** THE RECORDS follows **

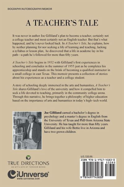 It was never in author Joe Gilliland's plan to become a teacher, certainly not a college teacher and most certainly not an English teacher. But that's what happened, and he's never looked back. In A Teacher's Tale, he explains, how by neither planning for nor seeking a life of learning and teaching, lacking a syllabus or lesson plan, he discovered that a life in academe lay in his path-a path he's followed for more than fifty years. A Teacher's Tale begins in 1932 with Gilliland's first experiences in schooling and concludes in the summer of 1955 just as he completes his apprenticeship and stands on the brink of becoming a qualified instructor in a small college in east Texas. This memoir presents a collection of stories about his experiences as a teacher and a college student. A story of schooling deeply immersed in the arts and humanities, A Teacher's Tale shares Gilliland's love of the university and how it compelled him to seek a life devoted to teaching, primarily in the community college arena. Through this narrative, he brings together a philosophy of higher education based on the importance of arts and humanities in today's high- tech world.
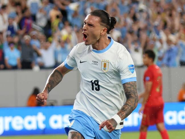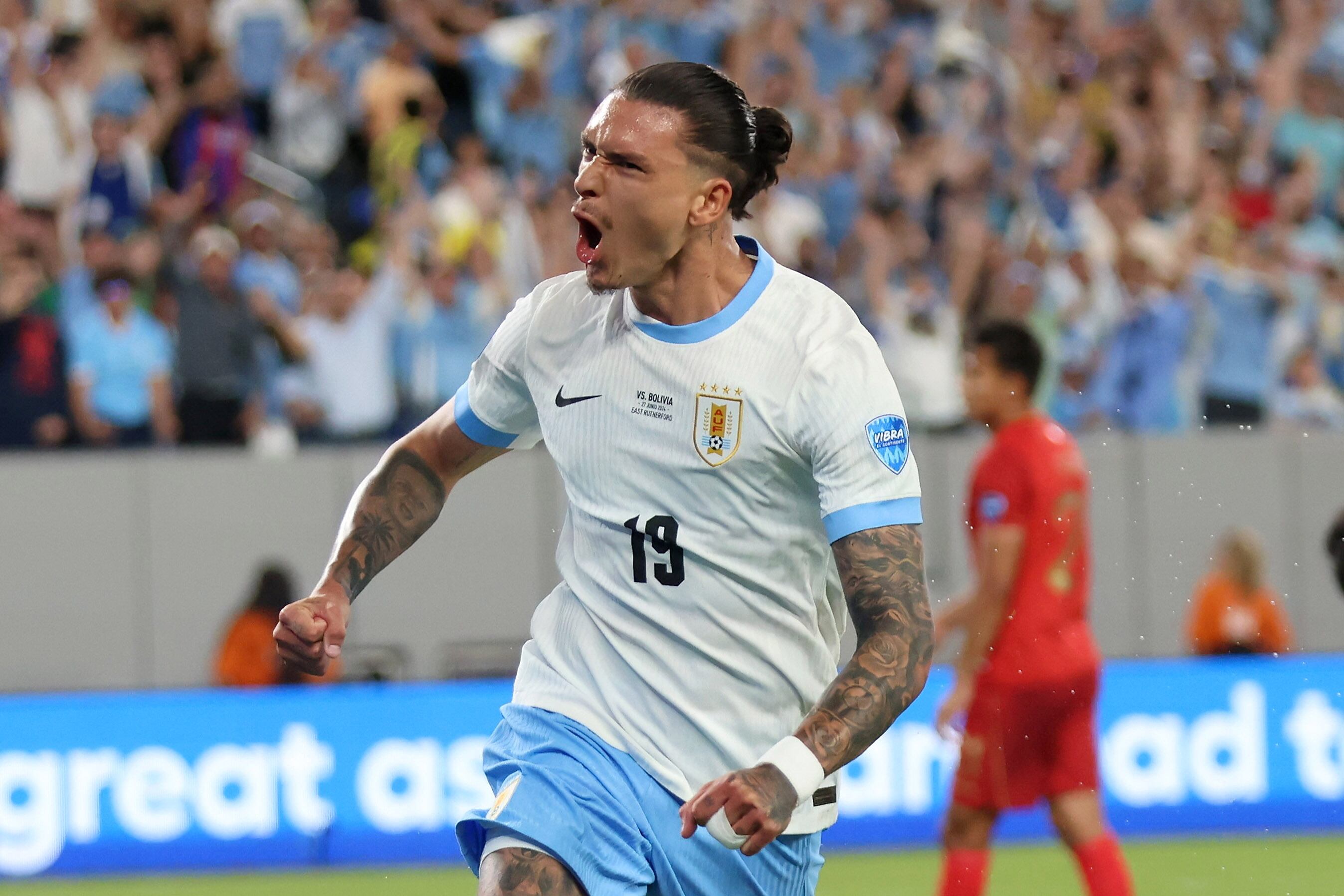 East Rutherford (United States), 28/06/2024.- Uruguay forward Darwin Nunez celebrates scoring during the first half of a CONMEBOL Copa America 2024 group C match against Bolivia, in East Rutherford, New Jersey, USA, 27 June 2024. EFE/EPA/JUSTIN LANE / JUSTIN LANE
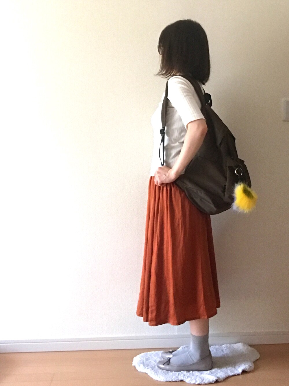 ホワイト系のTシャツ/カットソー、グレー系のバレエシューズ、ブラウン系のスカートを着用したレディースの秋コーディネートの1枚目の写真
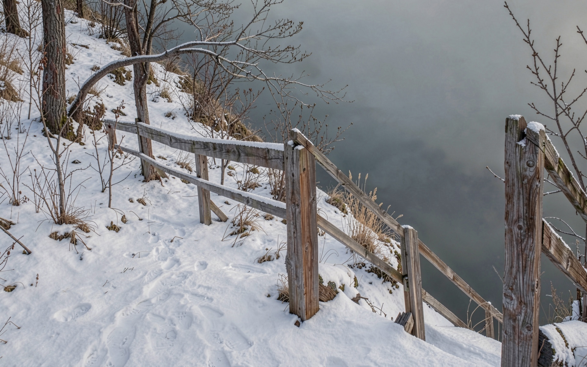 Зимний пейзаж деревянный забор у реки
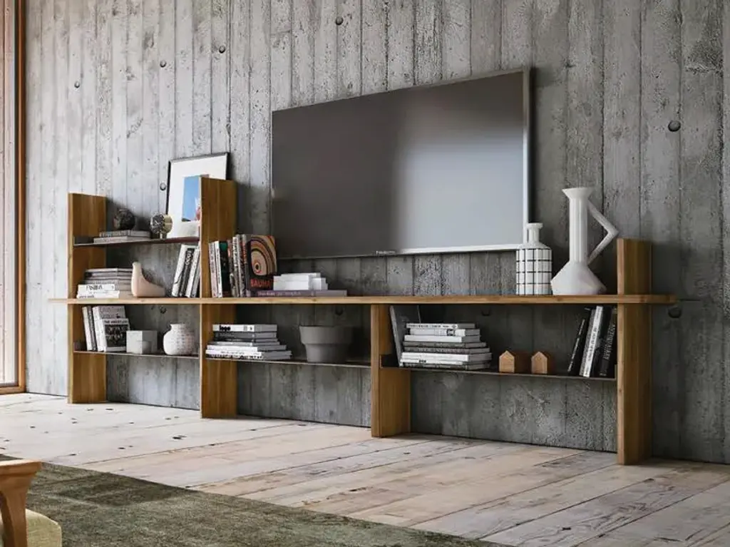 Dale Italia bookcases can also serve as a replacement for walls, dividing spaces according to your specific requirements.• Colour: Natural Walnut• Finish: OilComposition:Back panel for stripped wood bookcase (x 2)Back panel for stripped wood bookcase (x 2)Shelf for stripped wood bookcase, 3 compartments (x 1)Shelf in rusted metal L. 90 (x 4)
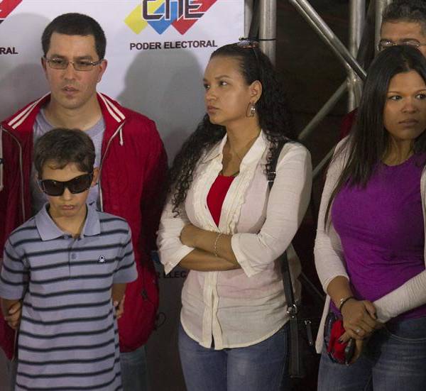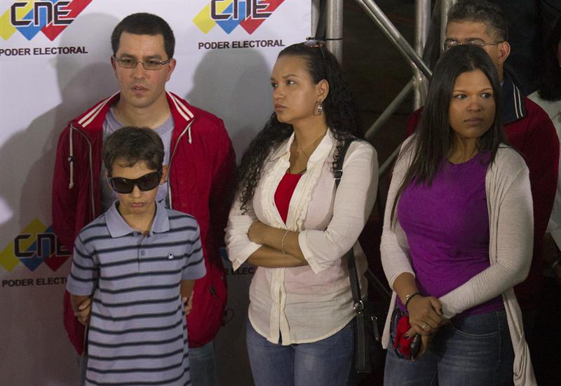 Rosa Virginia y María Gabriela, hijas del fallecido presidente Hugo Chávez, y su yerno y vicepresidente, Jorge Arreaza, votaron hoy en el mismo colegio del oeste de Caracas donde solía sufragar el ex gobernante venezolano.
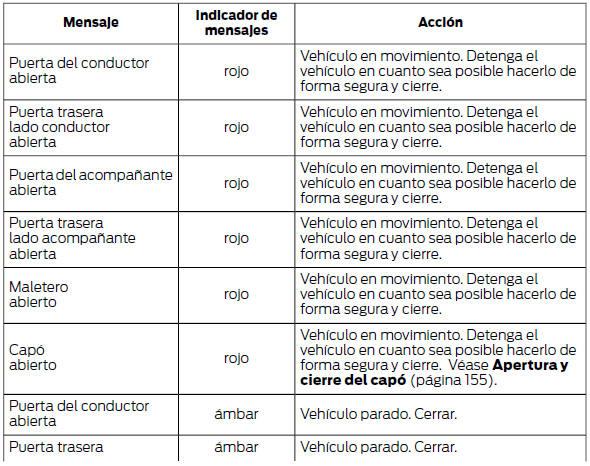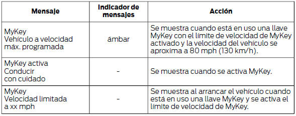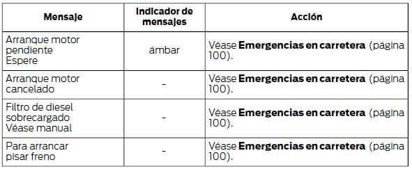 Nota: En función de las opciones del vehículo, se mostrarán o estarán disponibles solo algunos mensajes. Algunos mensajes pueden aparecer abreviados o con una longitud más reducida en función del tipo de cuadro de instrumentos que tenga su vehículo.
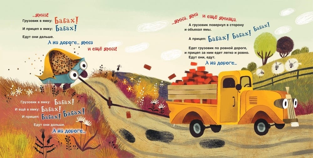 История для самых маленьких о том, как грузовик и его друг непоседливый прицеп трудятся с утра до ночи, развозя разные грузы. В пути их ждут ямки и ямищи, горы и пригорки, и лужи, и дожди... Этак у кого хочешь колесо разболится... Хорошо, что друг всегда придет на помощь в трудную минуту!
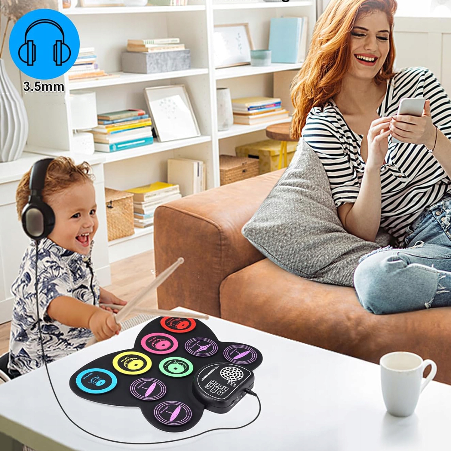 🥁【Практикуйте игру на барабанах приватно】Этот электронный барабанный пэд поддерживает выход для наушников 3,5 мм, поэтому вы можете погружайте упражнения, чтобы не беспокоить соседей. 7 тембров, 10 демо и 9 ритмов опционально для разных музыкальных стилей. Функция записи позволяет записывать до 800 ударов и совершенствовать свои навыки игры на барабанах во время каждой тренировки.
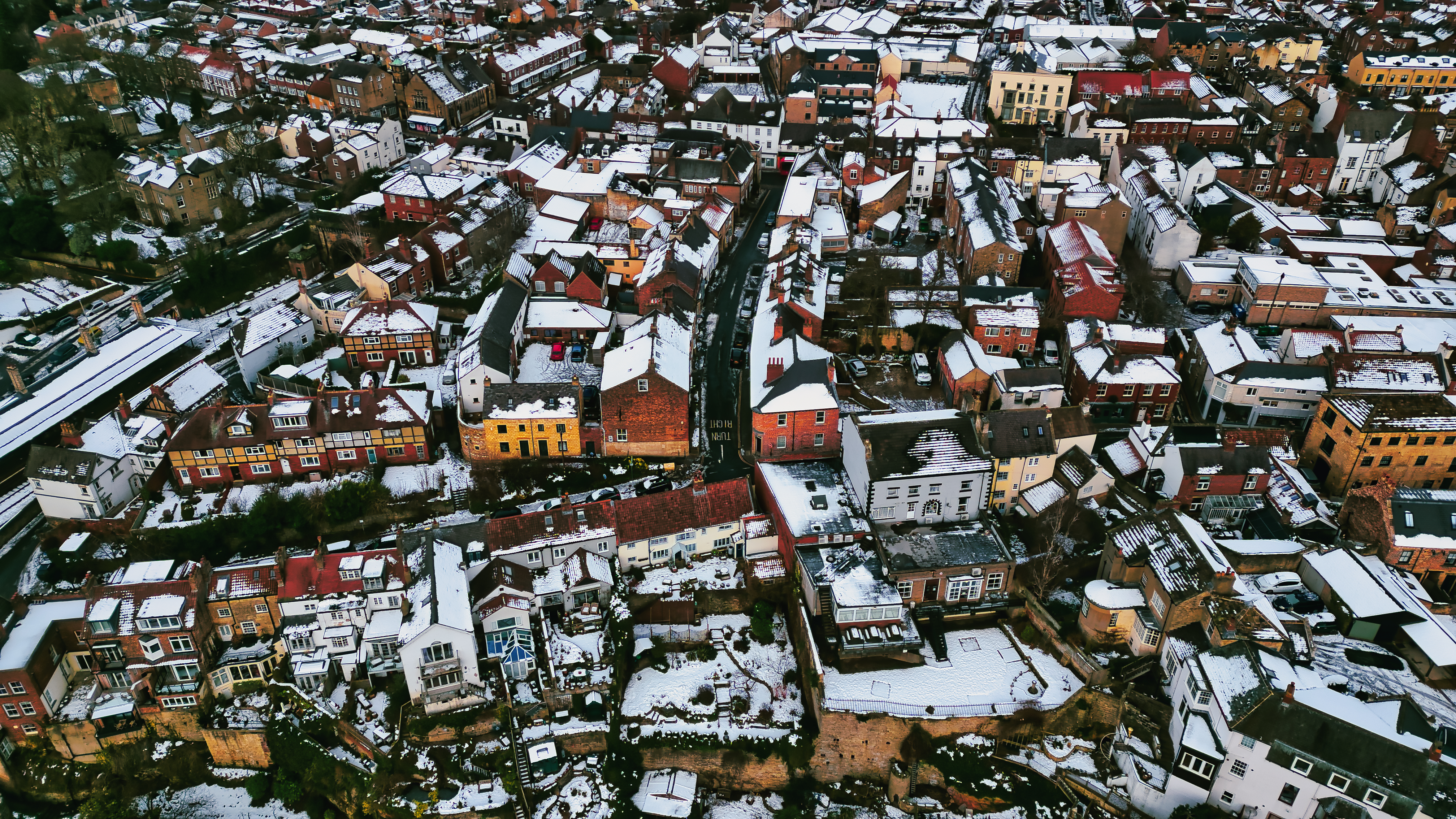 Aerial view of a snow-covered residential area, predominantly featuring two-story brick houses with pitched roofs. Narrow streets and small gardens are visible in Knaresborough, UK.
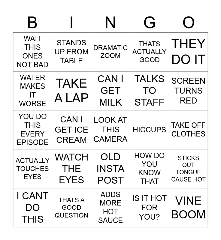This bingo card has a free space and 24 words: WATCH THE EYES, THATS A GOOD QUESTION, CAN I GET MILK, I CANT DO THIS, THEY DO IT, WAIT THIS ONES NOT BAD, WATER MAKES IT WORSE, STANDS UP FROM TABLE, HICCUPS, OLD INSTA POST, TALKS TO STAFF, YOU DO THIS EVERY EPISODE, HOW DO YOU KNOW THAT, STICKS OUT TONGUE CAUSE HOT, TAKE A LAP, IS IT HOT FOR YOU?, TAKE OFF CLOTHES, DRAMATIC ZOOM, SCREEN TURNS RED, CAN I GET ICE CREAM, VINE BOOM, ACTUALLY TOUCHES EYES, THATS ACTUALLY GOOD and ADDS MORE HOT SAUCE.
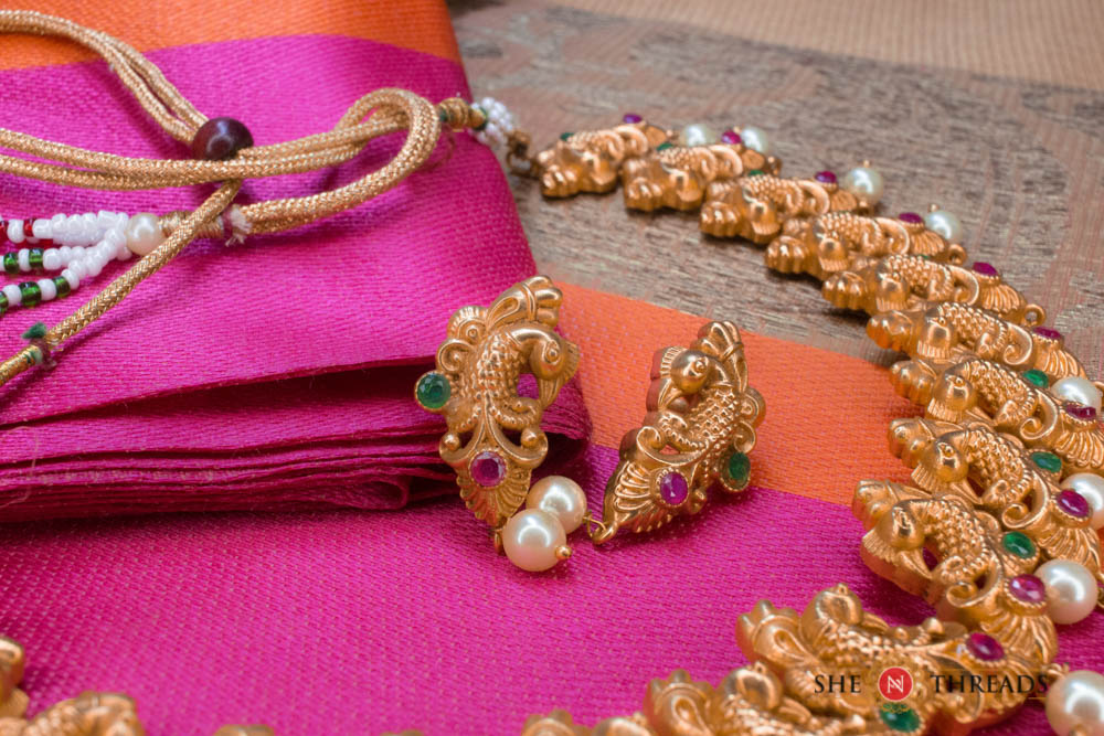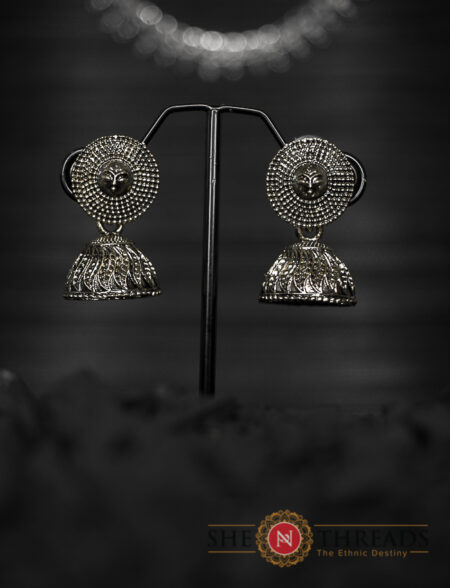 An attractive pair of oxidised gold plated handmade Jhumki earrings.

** End of THE RECORDS **

* [EXERCISE OBJECTIVE]
Every line from the one that holds "Dale Italia bookcases" to the last line of the records above goes into the answer, exactly as written; nothing else does, and no picture does either.

* [OUTPUT OF THE TASK]
 Dale Italia bookcases can also serve as a replacement for walls, dividing spaces according to your specific requirements.• Colour: Natural Walnut• Finish: OilComposition:Back panel for stripped wood bookcase (x 2)Back panel for stripped wood bookcase (x 2)Shelf for stripped wood bookcase, 3 compartments (x 1)Shelf in rusted metal L. 90 (x 4)
 Rosa Virginia y María Gabriela, hijas del fallecido presidente Hugo Chávez, y su yerno y vicepresidente, Jorge Arreaza, votaron hoy en el mismo colegio del oeste de Caracas donde solía sufragar el ex gobernante venezolano.
 Nota: En función de las opciones del vehículo, se mostrarán o estarán disponibles solo algunos mensajes. Algunos mensajes pueden aparecer abreviados o con una longitud más reducida en función del tipo de cuadro de instrumentos que tenga su vehículo.
 История для самых маленьких о том, как грузовик и его друг непоседливый прицеп трудятся с утра до ночи, развозя разные грузы. В пути их ждут ямки и ямищи, горы и пригорки, и лужи, и дожди... Этак у кого хочешь колесо разболится... Хорошо, что друг всегда придет на помощь в трудную минуту!
 🥁【Практикуйте игру на барабанах приватно】Этот электронный барабанный пэд поддерживает выход для наушников 3,5 мм, поэтому вы можете погружайте упражнения, чтобы не беспокоить соседей. 7 тембров, 10 демо и 9 ритмов опционально для разных музыкальных стилей. Функция записи позволяет записывать до 800 ударов и совершенствовать свои навыки игры на барабанах во время каждой тренировки.
 Aerial view of a snow-covered residential area, predominantly featuring two-story brick houses with pitched roofs. Narrow streets and small gardens are visible in Knaresborough, UK.
This bingo card has a free space and 24 words: WATCH THE EYES, THATS A GOOD QUESTION, CAN I GET MILK, I CANT DO THIS, THEY DO IT, WAIT THIS ONES NOT BAD, WATER MAKES IT WORSE, STANDS UP FROM TABLE, HICCUPS, OLD INSTA POST, TALKS TO STAFF, YOU DO THIS EVERY EPISODE, HOW DO YOU KNOW THAT, STICKS OUT TONGUE CAUSE HOT, TAKE A LAP, IS IT HOT FOR YOU?, TAKE OFF CLOTHES, DRAMATIC ZOOM, SCREEN TURNS RED, CAN I GET ICE CREAM, VINE BOOM, ACTUALLY TOUCHES EYES, THATS ACTUALLY GOOD and ADDS MORE HOT SAUCE.
 An attractive pair of oxidised gold plated handmade Jhumki earrings.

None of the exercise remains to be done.